2 Consequences of defaulting on treatment
Starting or continuing antiretrovirals is obviously not legally enforced, and it is therefore a personal decision based on correct information about the pros and cons of the treatment. For the individual PLHIV, the most serious possible consequence of ARV default is the progression to advanced HIV disease (AHD). In an analysis of data from population-based HIV impact assessment household surveys conducted between 2016 and 2021 among 28,040 PLHIV across 13 sub-Saharan African countries (Botswana, Cameroon, Côte d'Ivoire, Eswatini, Ethiopia, Lesotho, Malawi, Mozambique, Namibia, Tanzania, Uganda, Zambia, and Zimbabwe) to establish the proportion of adults with HIV who had AHD (i.e., CD4 cell count < 200/mm3), 7.6% (n = 1,871) of PLHIV were on ARVs but not virally suppressed (6). AHD was more common in male patients than the female ones (13.2% vs. 8.0%) (6). The highest proportion of people with AHD were those on ARVs but not virally suppressed [29.5% (95% CI: 26.6–32.6)]. The authors outlined that people with AHD who were on treatment with unsuppressed viral load might have recently initiated ARVs or re-initiated treatment after a period of default, which is quite common and associated with progression to AHD, as shown in South Africa (7).
Another important consequence of defaulting is the non-disclosure of prior treatment when people present to clinical facilities to restart ARVs. For instance, in South Africa, at least 45% of people starting ARVs have previous treatment experience, but only one-third of re-initiators voluntarily disclose this (8); this has obvious implications for drug resistance.
3 Proposed measures and issues to be overcome to curb the number of defaulting PLHIV
Several measures have been proposed: regular adherence counseling (9), facility adherence clubs, community adherence clubs, community ARV treatment groups, spaced fast lane appointments, community pick up points (10), food assistance, remote adherence monitoring, and SMS reminder systems. However, none of the above interventions can be easily and uniformly applied and maintained over time in any country. In our opinion, there are four main issues to be decisively faced: stigma, proper patient-centered care, religious beliefs, and the role of traditional healers.
4 Stigma
Stigma continues to be widespread in the communities and sometimes extends even to clinical settings. Many largely qualitative studies have shown that stigma contributes to poor retention in antiretroviral therapy in various sub-Saharan African countries (11–16), and a review article published in 2021 identified 14 articles showing substantial evidence of the negative effect of stigma on treatment adherence and viral suppression in different countries worldwide (17). In contrast, a secondary analysis of an HIV population in care in a high-prevalence rural community in South Africa found only a limited association between anticipated stigma or perceived level of community concerns about the infection and default from care (18). Stigma against people living with HIV among healthcare workers is not uncommon around the world, and sub-Saharan Africa is no exception (19, 20); importantly, disrespect in healthcare is absent from provider narratives, whereas patient interviews are filled with such reports (19).
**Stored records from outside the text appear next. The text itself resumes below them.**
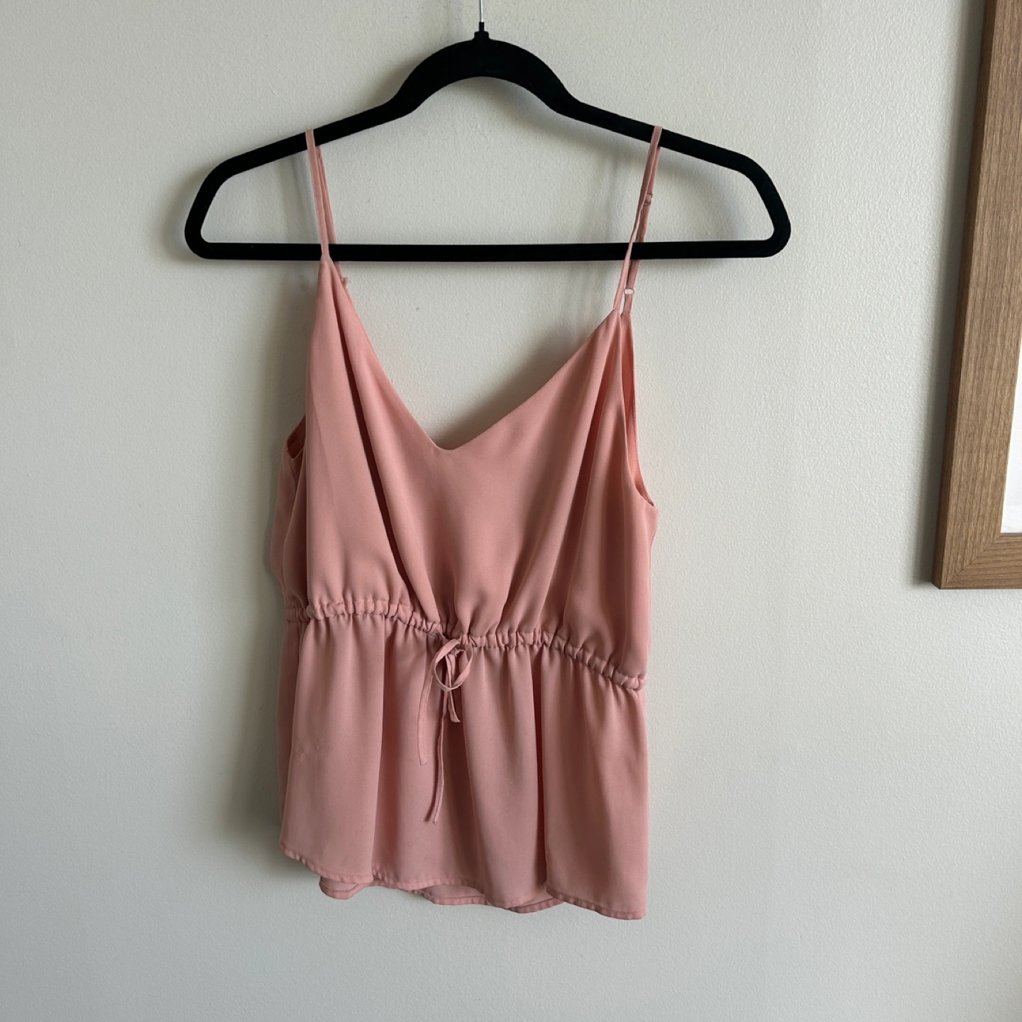 A flowy tank top in a beautiful pink colour. It features adjustable straps and a front tie. A great choice for a relaxing brunch or day out.
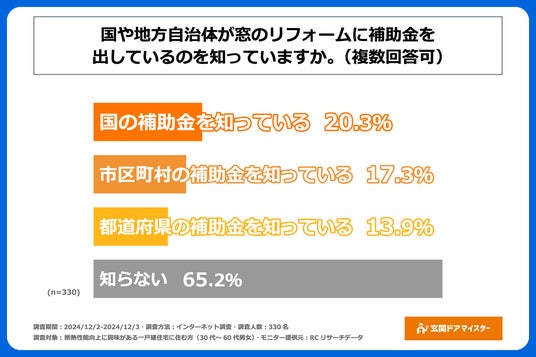 次に「国や地方自治体が窓のリフォームに補助金を出しているのを知っているか」を尋ねる設問の回答では、1位が「知らない」で65.2%を占める結果となりました。この結果から住宅の断熱性能向上に興味がある人でも、6割以上の人が窓のリフォームに国や地方自治体が補助金を出している事実を知らない、ということが判明しました。
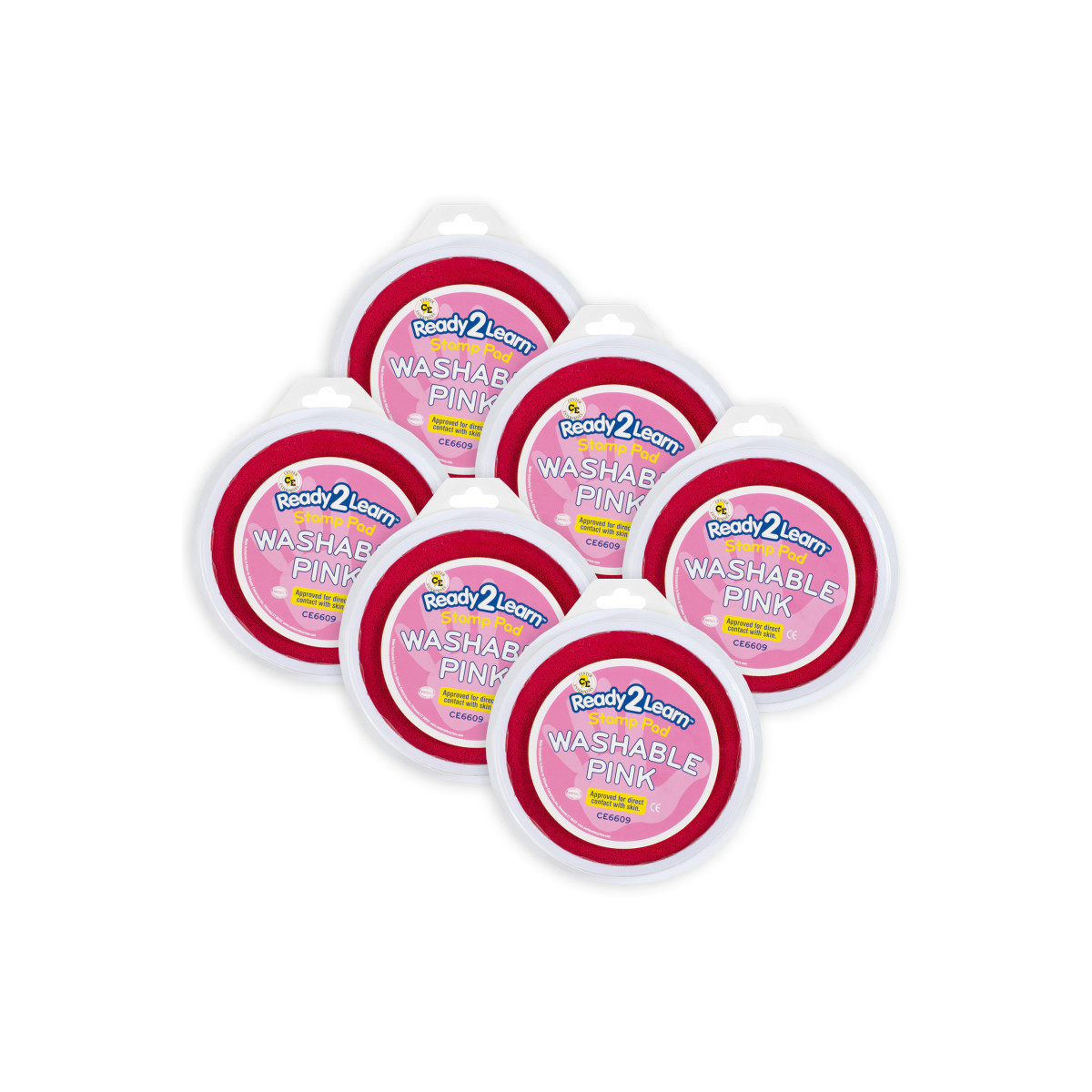 Stamp and create with this pink Jumbo Circular Washable Stamp Pad! Made of non-toxic ink, this stamp pad is safe for ages 3+. The ink is acid-free and fade resistant for archival quality, which makes you can store your little artist's creations forever! An open-ended tool to decorate scrapbooks, notebooks or cards, this stamp pad inspires creative expression and imagination. As children stamp, they will develop fine motor skills and hand-eye coordination. This stamp pad features a huge 5.75" diameter for handprints and baby footprints. The ink comes clean with soap and water. Size of ink pad surface area: 5.75" dia. Sold as a pack of 6 stamp pads.
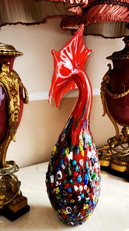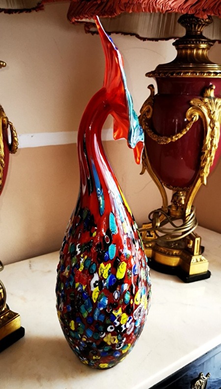 Glaskunstwerk met veel mooie, interessante kleuren. Afmetingen: 52 cm hoog, 15 cm breed, 18 cm lang, in perfecte staat. 500 euro plus verzendkosten.
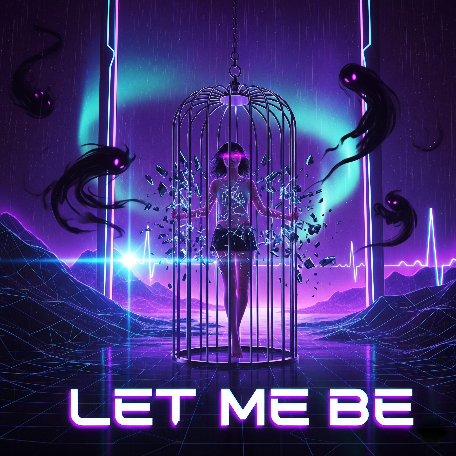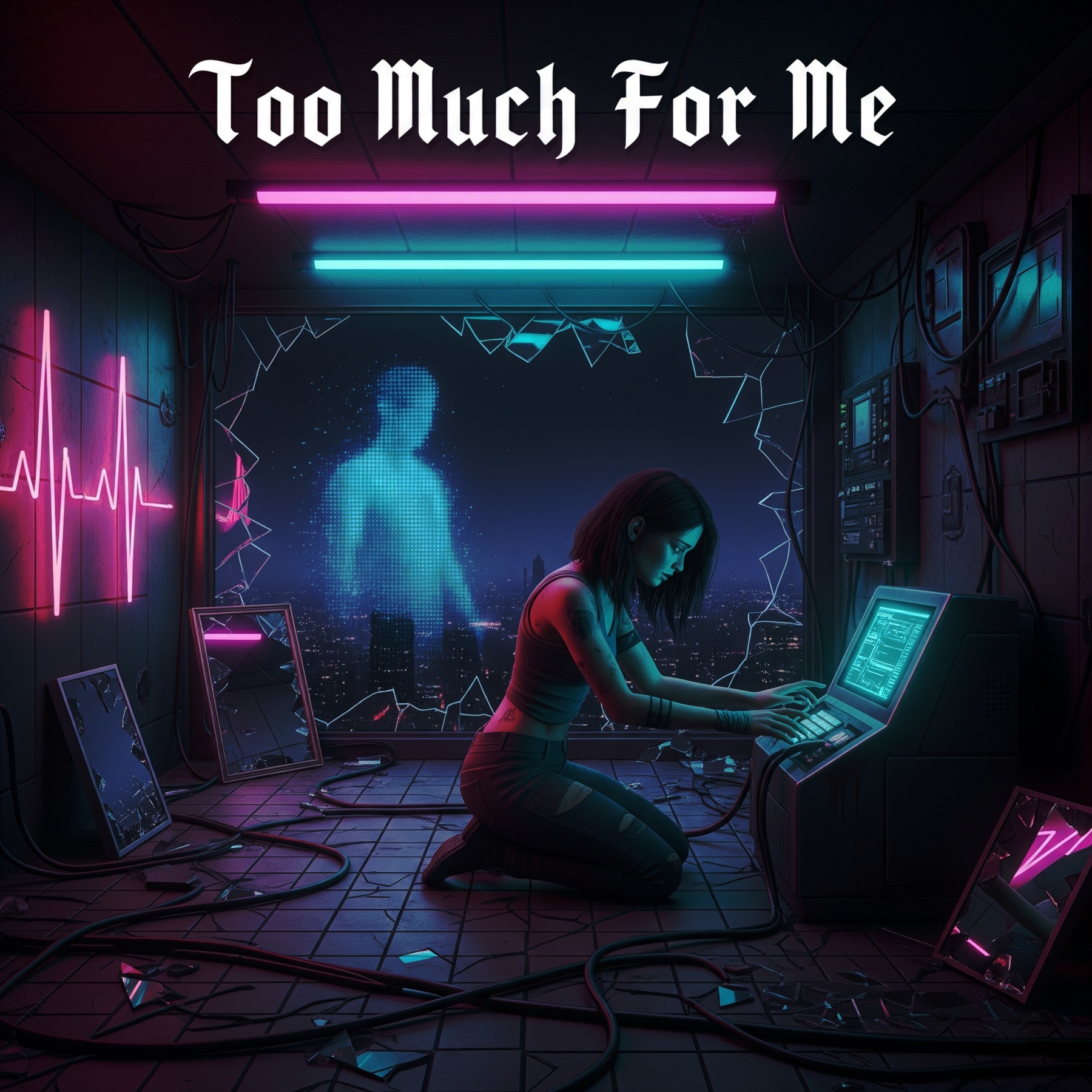 A hybrid track fusing dark trance, darksynth, hard techno, nu-metal, bubblegrunge, and electropop, Begins with dreamy DnB and ambient pads, fading into glitchy trap rhythms, Verses deliver raw vocals over distorted guitars and industrial synths, Pre-chorus shifts to darkwave with cinematic textures and half-time beats, The chorus explodes with trance leads, heavy techno kicks, and layered electropop vocals, Post-chorus softens with ambient guitar and dreamy vocals, Second cycle intensifies all elements with DnB breaks and glitch solos, Closes on a haunting outro of ambient synths and echoed vocals repeating as one, A high-emotion, genre-blending journey balancing aggression and tenderness
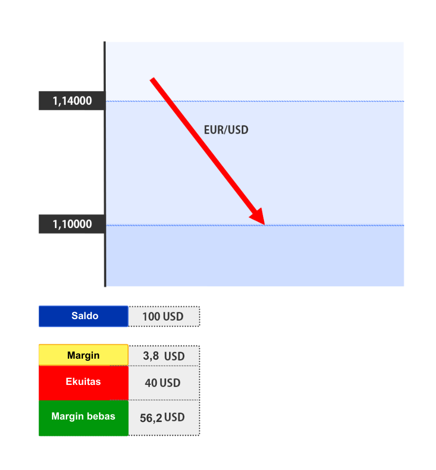 Ketika saldo akun = 100 USD dan harga EUR/USD = 1,14000, saya membeli 0,01 lot EUR/USD.

PLHIV must be treated with dignity and understanding, with an empathetic and non-judgmental approach and strong reassurance about strict confidentiality. To do this effectively, it is undoubtedly very important to move from words to actions and implement patient-centered care.
5 Patient-centered care
At a public-sector clinic in Johannesburg, South Africa, a few years ago, people failing second-line antiretroviral therapy were given the privilege to see the same clinician experienced in treatment failure during subsequent visits to maintain continuity of care and build a patient–provider bond (9). This continuity did not happen in the general clinic (9). It is essential that the same doctor and/or nurse follow the same person until either the former or the latter move to another clinic; this favors the development of an active partnership between the doctor and/or nurse and the individual PLHIV which allows the PLHIV to feel heard and understood, to be confident in explaining their emotional, psychological, and social issues and to become active in the decisions to be made. Over time, the doctor and/or the nurse will know well the person's lifestyle, their work, and their family responsibilities. Importantly, familiarity with their physicians allows people living with HIV to openly let them know whether they adhere to treatment, and how much so. The value of this aspect of care has been demonstrated in previous manuscripts from some of us (21, 22). Consultation time must be adequate, implying that all clinics are sufficiently staffed with doctors and nurses and that PLHIV are able to reach or contact them when necessary. Finally, if a person does not want to be followed at a clinic in their community because of the issue of stigma, opportunities to be followed at another clinic should be offered. Providing public health services in a respectful and friendly environment does not make services less effective; actually, the opposite is true (23).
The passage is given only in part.